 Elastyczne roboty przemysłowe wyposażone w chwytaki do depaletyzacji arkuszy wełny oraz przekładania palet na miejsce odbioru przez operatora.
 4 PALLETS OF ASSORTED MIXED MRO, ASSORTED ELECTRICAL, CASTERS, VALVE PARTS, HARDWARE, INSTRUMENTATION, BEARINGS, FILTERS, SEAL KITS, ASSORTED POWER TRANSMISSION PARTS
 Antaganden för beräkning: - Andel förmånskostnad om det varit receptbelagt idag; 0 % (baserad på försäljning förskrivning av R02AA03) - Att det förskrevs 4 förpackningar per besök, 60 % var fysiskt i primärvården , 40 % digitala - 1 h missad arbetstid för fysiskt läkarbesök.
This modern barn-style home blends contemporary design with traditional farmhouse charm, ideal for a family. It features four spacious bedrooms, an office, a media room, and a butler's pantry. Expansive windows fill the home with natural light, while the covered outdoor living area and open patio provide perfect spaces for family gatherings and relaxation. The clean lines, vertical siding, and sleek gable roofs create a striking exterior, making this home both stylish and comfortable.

* * *

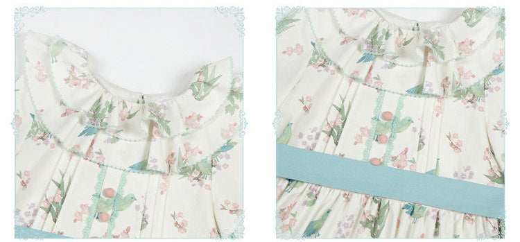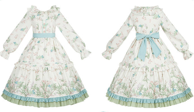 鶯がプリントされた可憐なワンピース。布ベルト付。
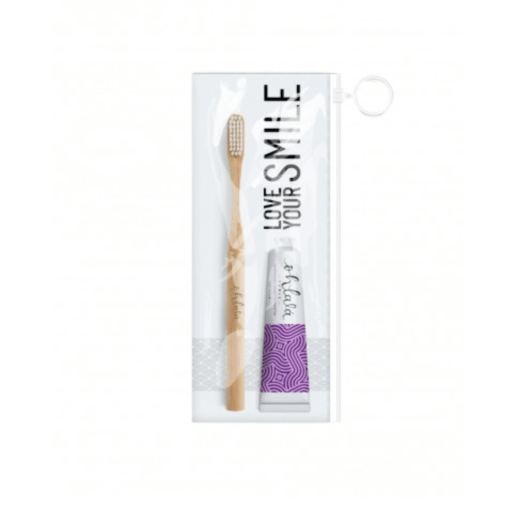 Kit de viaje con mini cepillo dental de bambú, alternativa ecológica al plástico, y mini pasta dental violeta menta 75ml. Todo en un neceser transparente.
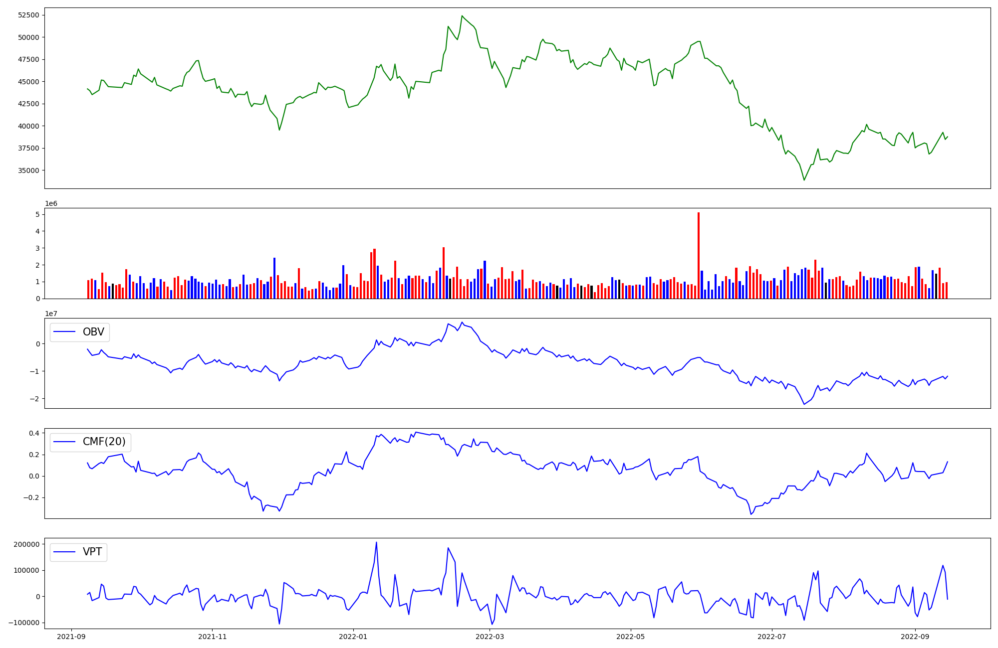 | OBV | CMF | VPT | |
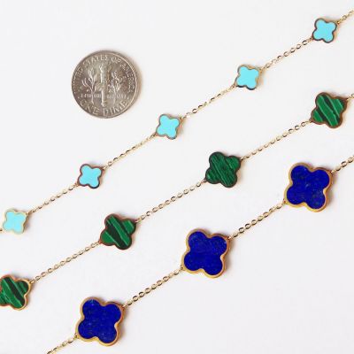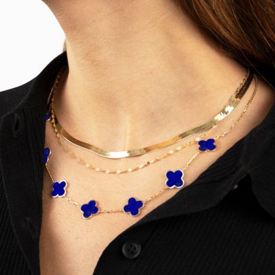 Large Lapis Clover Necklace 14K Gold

---

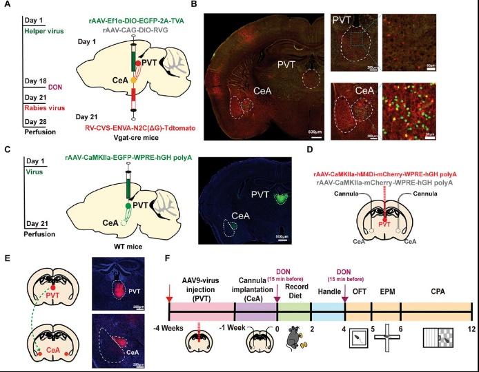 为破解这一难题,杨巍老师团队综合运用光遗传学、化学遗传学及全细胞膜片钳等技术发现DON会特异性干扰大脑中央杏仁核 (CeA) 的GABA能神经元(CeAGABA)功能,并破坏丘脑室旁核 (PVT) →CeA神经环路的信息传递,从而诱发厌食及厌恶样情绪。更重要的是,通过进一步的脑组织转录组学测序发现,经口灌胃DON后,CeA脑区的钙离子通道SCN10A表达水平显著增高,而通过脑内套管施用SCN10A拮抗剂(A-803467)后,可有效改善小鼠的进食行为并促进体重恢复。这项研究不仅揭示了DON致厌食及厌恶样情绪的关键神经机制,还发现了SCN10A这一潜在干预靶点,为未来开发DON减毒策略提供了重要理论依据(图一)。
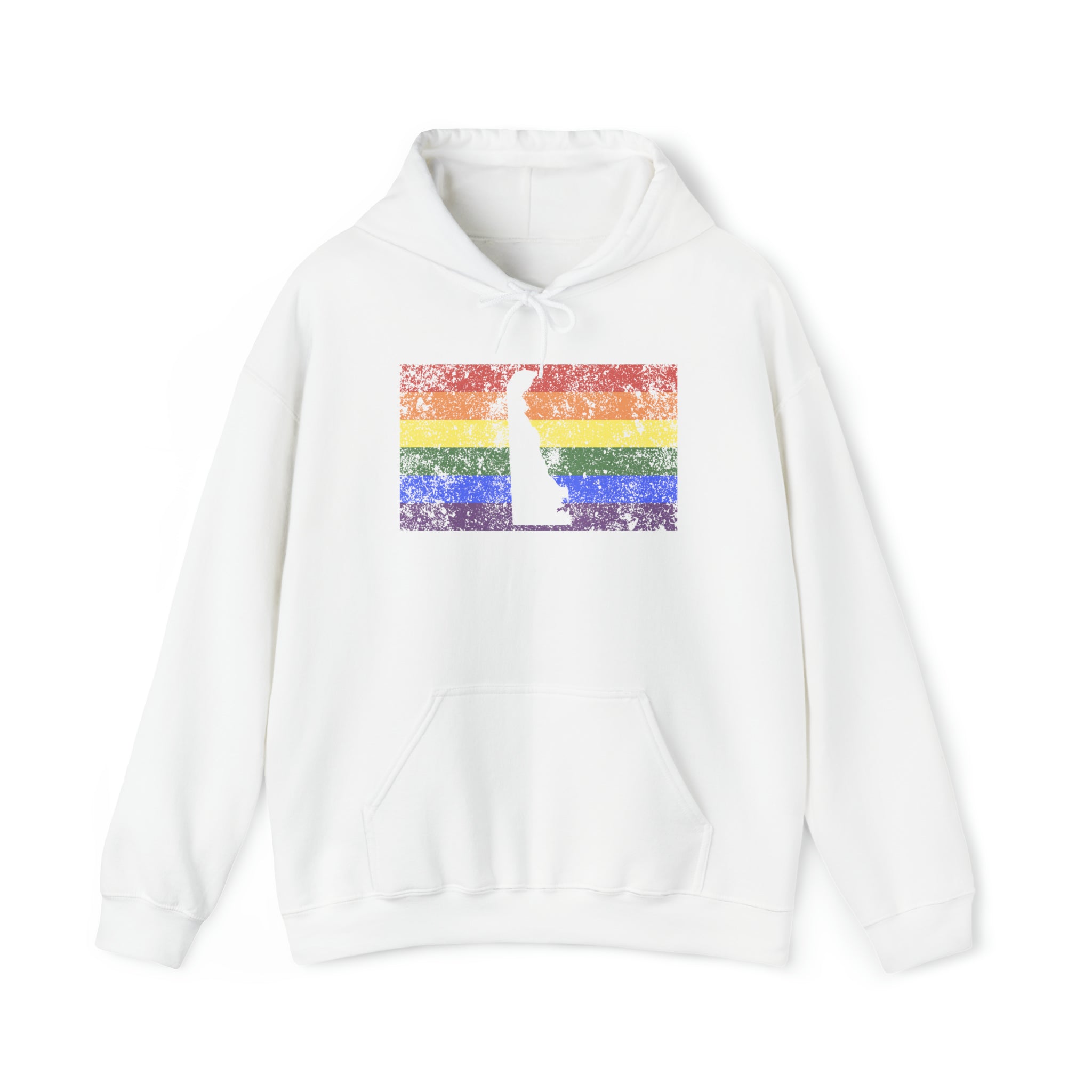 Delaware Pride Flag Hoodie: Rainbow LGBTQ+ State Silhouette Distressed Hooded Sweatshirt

■ **What needs to be done**
In the listing above, locate the line containing "4 PALLETS OF" and the line containing "This modern barn-style", then transcribe both and every line between them verbatim.

■ **Exercise answer**
 4 PALLETS OF ASSORTED MIXED MRO, ASSORTED ELECTRICAL, CASTERS, VALVE PARTS, HARDWARE, INSTRUMENTATION, BEARINGS, FILTERS, SEAL KITS, ASSORTED POWER TRANSMISSION PARTS
 Antaganden för beräkning: - Andel förmånskostnad om det varit receptbelagt idag; 0 % (baserad på försäljning förskrivning av R02AA03) - Att det förskrevs 4 förpackningar per besök, 60 % var fysiskt i primärvården , 40 % digitala - 1 h missad arbetstid för fysiskt läkarbesök.
This modern barn-style home blends contemporary design with traditional farmhouse charm, ideal for a family. It features four spacious bedrooms, an office, a media room, and a butler's pantry. Expansive windows fill the home with natural light, while the covered outdoor living area and open patio provide perfect spaces for family gatherings and relaxation. The clean lines, vertical siding, and sleek gable roofs create a striking exterior, making this home both stylish and comfortable.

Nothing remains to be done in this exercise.